Слова мои текли бы рекою, если бы я только хотел войти в подробности; но не хочу, не хочу! Мне еще многое надобно описывать; берегу бумагу, внимание читателя, и… конец главе!
Государи мои! Вы читаете не роман, а быль: следственно, автор не обязан вам давать отчета в происшествиях. Так было точно!.. – и более не скажу ни слова. Кстати ли? У места ли? Не мое дело. Я иду только с пером вслед за судьбою и описываю, что творит она по своему всемогуществу, – для чего? спросите у нее; но скажу вам наперед, что ответа не получите. Семь тысяч лет (если верить хронографам{4}) чудесит она в мире и никому еще не изъяснила чудес своих. Заглянем ли в историю или посмотрим, что вокруг нас делается: везде сфинксовы загадки, которых и сам Эдип не отгадает. – Роза вянет, терние остается; столетний дуб, благодетель странников, падет на землю от громового удара; ядовитое дерево стоит невредимо на своем корне. Петр Великий, среди благодетельных замыслов для отечества, хладеет в объятиях смерти; ничтожный человек нередко два раза из века в век переходит. Юный счастливец, которого жизнь можно назвать улыбкою судьбы и природы, угасает в минуту, как метеор: злополучный, ненужный для света, тягостный для самого себя живет и не может дождаться конца своего… Что ж нам делать? Плакать, у кого есть слезы, и хотя изредка утешаться мыслию, что здешний свет есть только пролог драмы!
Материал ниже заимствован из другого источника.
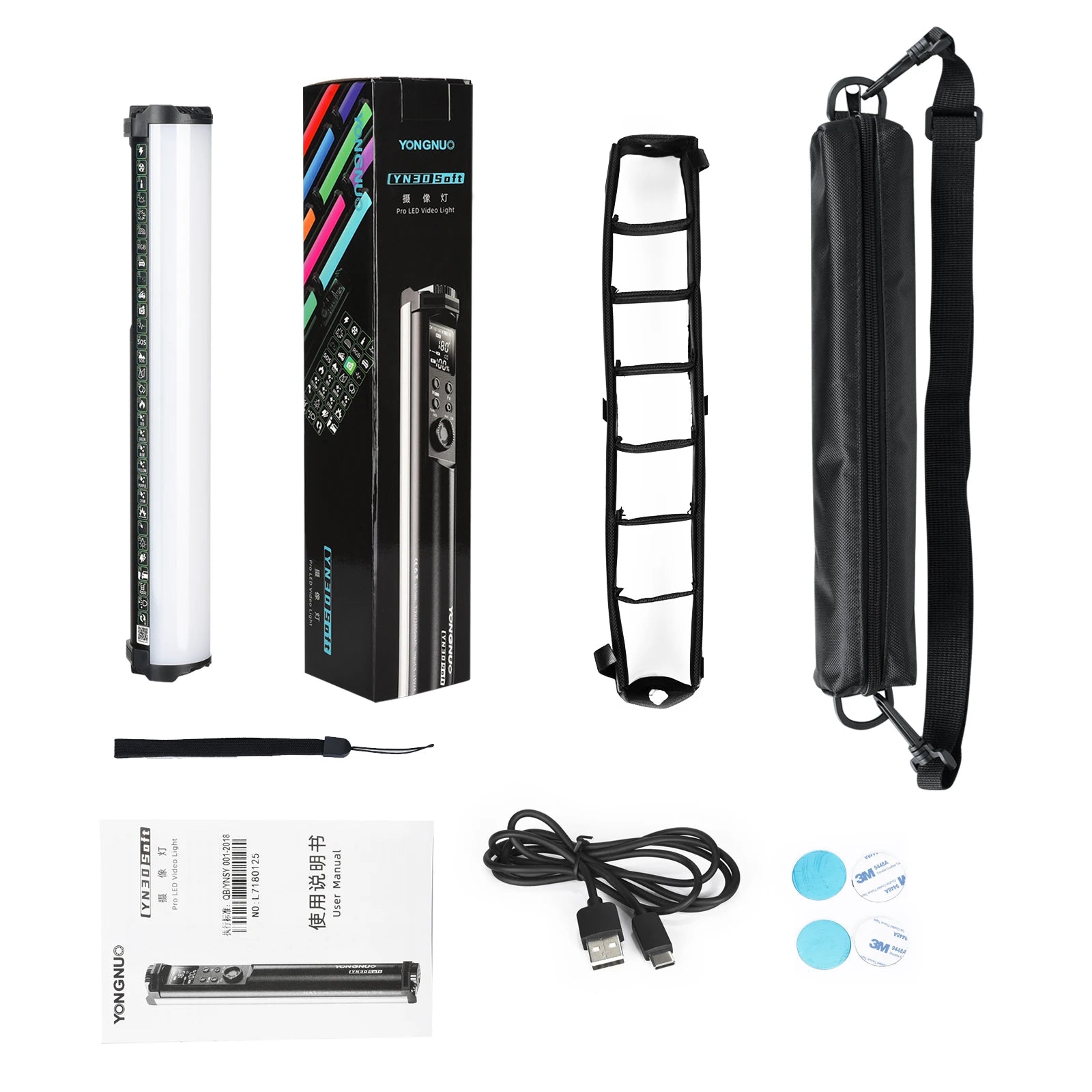 YONGNUO photographic lighting product series include studio lights, flat-panel camera lights, portable fill lights and LED stick lights.

Дунул северный ветер на нежную грудь нежной родительницы, и гений жизни ее погасил свой факел!.. Да, любезный читатель, она простудилась, и в девятый день с мягкой постели переложили ее на жесткую: в гроб – а там и в землю – и засыпали, как водится, – и забыли в свете, как водится… Нет, поговорим еще о последних ее минутах.
Герой наш был тогда семи лет. Во всю болезнь матери он не хотел идти прочь от ее постели; сидел, стоял подле нее; глядел беспрестанно ей в глаза; спрашивал: «Лучше ли тебе, милая?» – «Лучше, лучше», – говорила она, пока говорить могла, – смотрела на него: глаза ее наполнялись слезами – смотрела на небо – хотела ласкать любимца души своей и боялась, чтобы ее болезнь не пристала к нему – то говорила с улыбкою: «Сядь подле меня», то говорила со вздохом: «Поди от меня!..» Ах! Он слушался только первого; другому приказанию не хотел повиноваться.
Надобно было силою оттащить его от умирающей. «Постойте, постойте! – кричал он со слезами. – Маменька хочет мне что-то сказать; я не отойду, не отойду!..» Но маменька отошла между тем от здешнего света.
Его вынесли, хотели утешать: напрасно!.. Он твердил одно: «К милой!», вырвался наконец из рук няни, прибежал, увидел мертвую на столе, схватил ее руку: она была как дерево, – прижался к ее лицу: оно было как лед… «Ах, маменька!» – закричал он и упал на землю. Его опять вынесли, больного, в сильном жару.
Отец рвался, плакал: он любил супругу, как только мог любить. Сердцу его известны были горести в жизни; но сей удар судьбы казался ему первым несчастием…
С бледным лицом, с распущенными седыми волосами стоял он подле гроба, когда отпевали усопшую; рыдая, прощался с нею; с жаром целовал ее лицо и руки; сам опускал в могилу; бросил на гроб первую горсть земли; стал на колени; поднял вверх глаза и руки; сказал: «На небесах душа твоя! Мне недолго жить остается!» и тихими шагами пошел домой. Сын его лежал в забытьи; он сел подле кровати и думал: «Неужели и ты пойдешь вслед за матерью? Неужели вы меня одного оставите?.. Да будет воля всевышнего!» – Леон открыл глаза, встал и протянул к отцу руки, говоря: «Где она? где она?» – «С ангелами, друг мой!» – «И не будет к нам назад?» – «Мы к ней будем». – «Скоро ли?» – «Скоро, друг мой; время летит и для печальных». – Они обнялися, заплакали: старец лил слезы вместе с младенцем!.. Им стало легче.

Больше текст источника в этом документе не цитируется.